[Opening MATERIAL FOR THE TASK section]
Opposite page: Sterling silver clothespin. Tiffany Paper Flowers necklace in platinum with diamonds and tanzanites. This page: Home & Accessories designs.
[Closing MATERIAL FOR THE TASK section]
[Opening MATERIAL FOR THE TASK section]
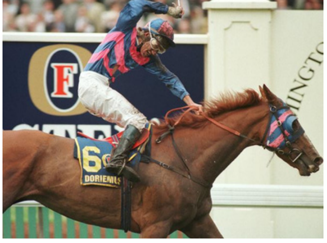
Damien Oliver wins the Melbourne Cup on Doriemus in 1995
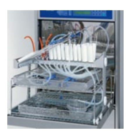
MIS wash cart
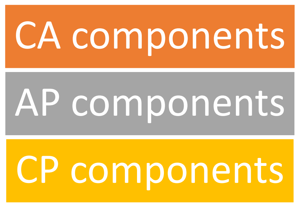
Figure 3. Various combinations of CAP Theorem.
[Closing MATERIAL FOR THE TASK section]
→ **EXERCISE GOAL**:
Above are some entries. Restate word for word the lines from the one holding "MIS wash cart" through the one holding "Figure 3. Various", but not the pictures.

→ **FINAL ANSWER**:
MIS wash cart
Figure 3. Various combinations of CAP Theorem.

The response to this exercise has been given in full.